Elementy logiki matematycznej Jan Łukasiewicz 5,0
ocenił(a) na 55 lata temu Będąc po lekturze książki R. Piotrowskiego „Logika elementarna”, która jest pozycją bardziej dla humanistów, choć z inklinacjami logicznymi, niż dla matematyków, postanowiłem pogłębić moją znajomość logiki w jej matematycznej odmianie, korzystając z książki „Elementy logiki matematycznej” autorstwa polskiego mistrza logiki Jana Łukasiewicza (reprint z 1929 r.),dodatkowo zachęcony pozytywnymi recenzjami popełnionymi przez J. Woleńskiego oraz Z. Wolaka. Niestety, mój entuzjazm został szybko ostudzony.

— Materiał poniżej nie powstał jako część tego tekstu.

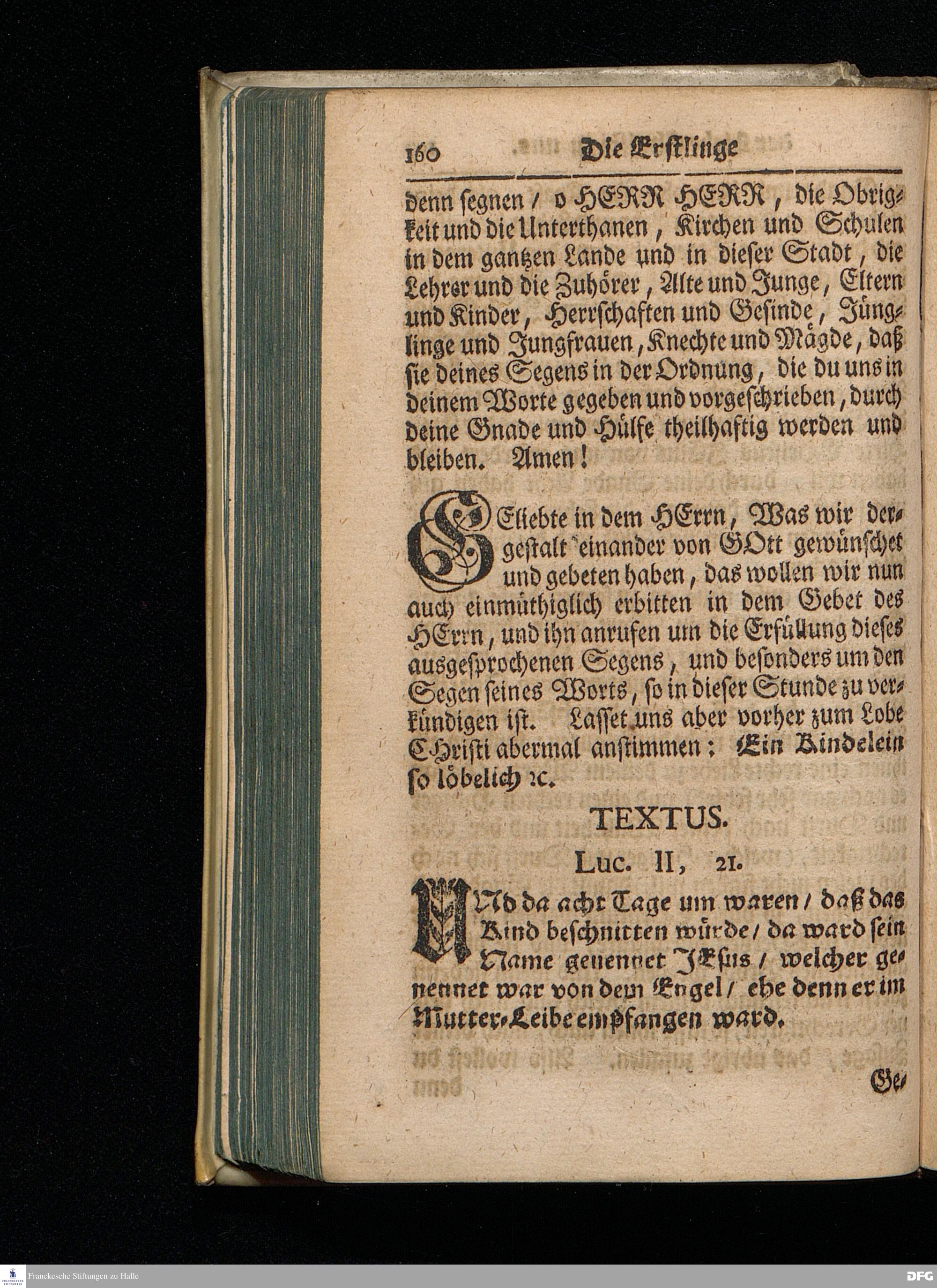 August Hermann Franckens / S.Theol.Prof.& Past. zu S.Ulrich, und des Gymnasii Scholarchæ, Kurtze Sonn= und Fest=Tags=Predigten / Darinnen Vornemlich zum wahren / lebendigen / Kraft=vollen und in guten Früchten sich beweisenden Glauben, die nöthige Aufweckung und Anweisung gegeben wird. Die andere EDITION, mit einer neuen Vorrede und einem Register versehen. HALLE, in Verlegung des Wäysen=Hause MDCCXVIII.
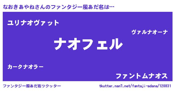 なおきあやねさんのファンタジー風あだ名をツクッター!
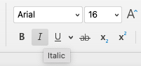 <figure><img src="https://2555990442-files.gitbook.io/~/files/v0/b/gitbook-x-prod.appspot.com/o/spaces%2F-LXQc7GhOtVRa7Lw1InO%2Fuploads%2FAUxUfQWvGgLNUfywpM8l%2FTooltip%20-%20Outlook.png?alt=media&#x26;token=5f1eaf23-b468-4708-a1b2-53646f196bf8" alt=""><figcaption><p>Tooltip for the italic button in Microsoft Outlook</p></figcaption></figure>
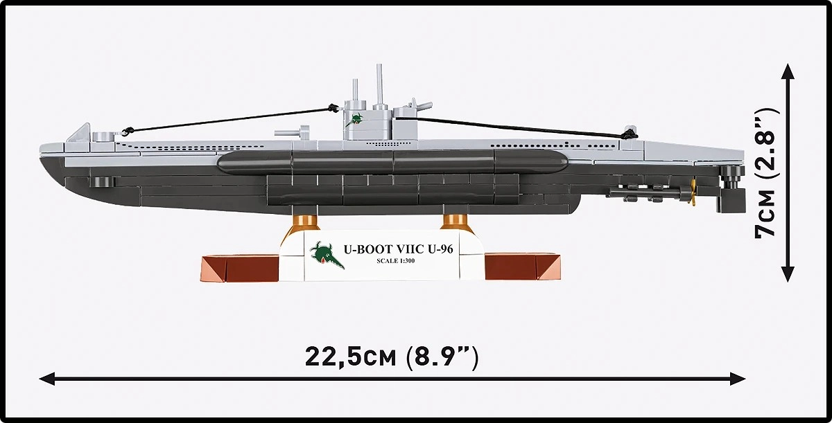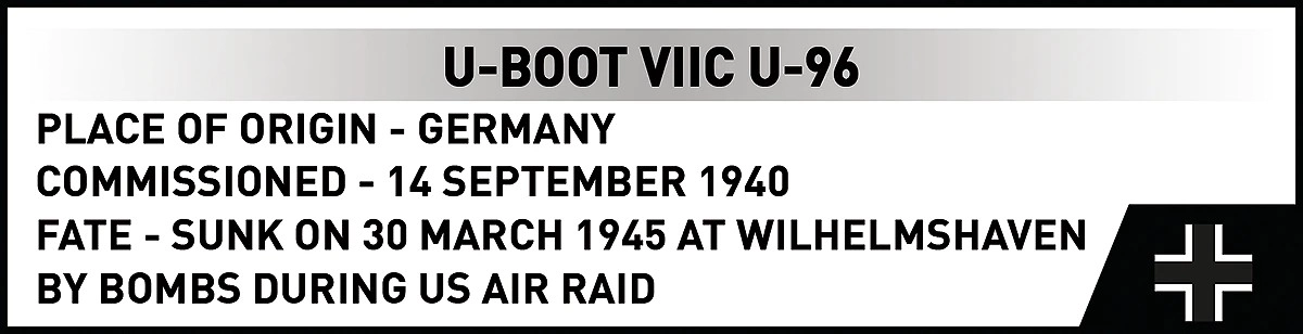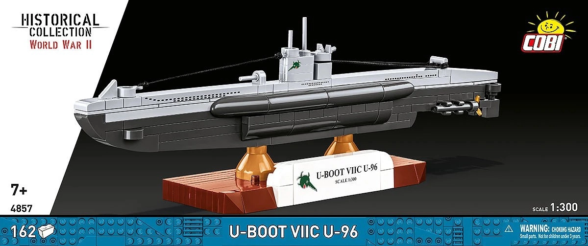 Byg den legendariske ubåd U-BOOT VIIC U-96 i skala 1:300 af 162 klodser. Et kvalitetsbyggesæt fra Europa, som vil glæde samlere, historieentusiaster og fans af filmen Das Boot. Det byder på realistiske skrogsdetaljer, tårn med periskop og en elegant stander til fremvisning af modellen.
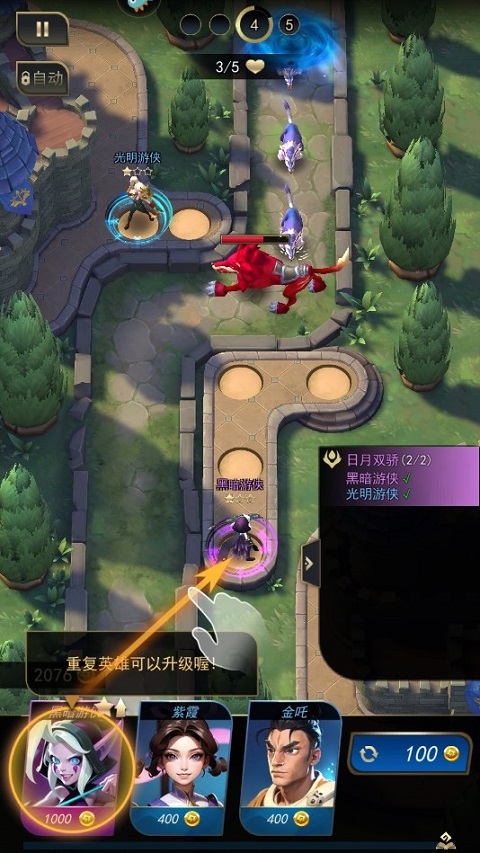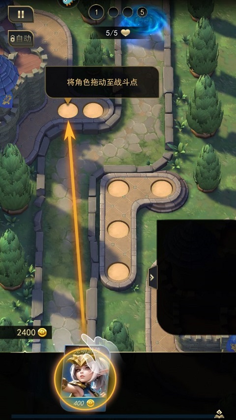 1、开局玩家可拖动底部的英雄卡牌,将角色移动到战斗点。
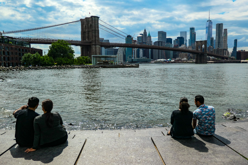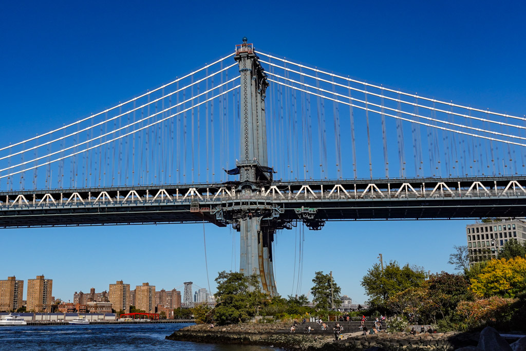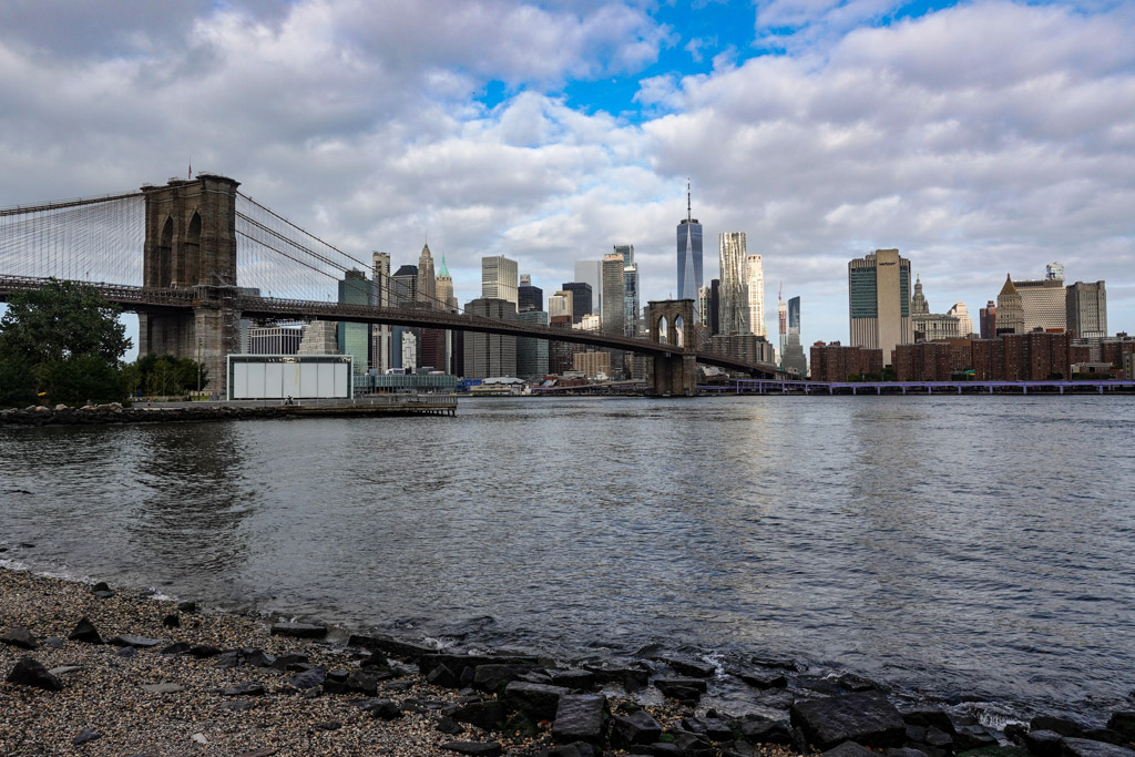 3. Вот он. Сидишь себе у воды, на камнях или на гальке, а перед тобой высится готическая громадина Бруклинского Моста. А за ним небоскрёбы нью-йоркского даунтауна. Когда-то отсюда были отлично видны Башни-Близнецы, а сейчас та самая башня Всемирного Торгового Центра, построенная вместо них. (Это самое высокое здание в Нью Йорке, в США и вообще в целом Западном Полушарии.)

Po pierwsze – język, mimo iż, jest to reprint książki z 1929 r., to wydał mi się on nazbyt archaiczny, momentami wręcz infantylny. Jako przykład przytoczę kilka „określeń”: „autorowie”, „matematyka jest ważna dla techniki i wynalazków”, „skombinować”, „najpoważniejszy z historyków”, „słówko „jeśli... to... „”, „któryby się nie opierał”, „dziś z logiki matematycznej wiemy”, „uprzytomnieniem sobie praw”, „krok dowodu ma legitymację”, „z jednego rzutu oka zorjentować się”, „symbolów”, „kłaść wyrażenie”, „dużo rozpraw z logiki matematycznej”. Oczywiście zdaje sobie sprawę, że zastosowany dyskurs i anachroniczne słownictwo nie musi przekreślać walorów dydaktycznych, to jednak w mojej opinii utrudnia samo czytanie, czasami nawet zrozumienie treści. Ponadto autor bywa niekonsekwentny w stosowaniu nomenklatury logicznej, np. raz stosuje określenie „reguła wnioskowania”, następnej stronie „schemat wnioskowania”; „reguła odrywania”, dalej „dyrektywa odrywania” 𝑒𝑡𝑐. Stosowanie równoważnej terminologii logicznej bez informowania o tym fakcie czytelnika może wprowadzać go w konfuzję i obniżać walor dydaktyczny, szczególnie jeśli jest on „logicznym” laikiem.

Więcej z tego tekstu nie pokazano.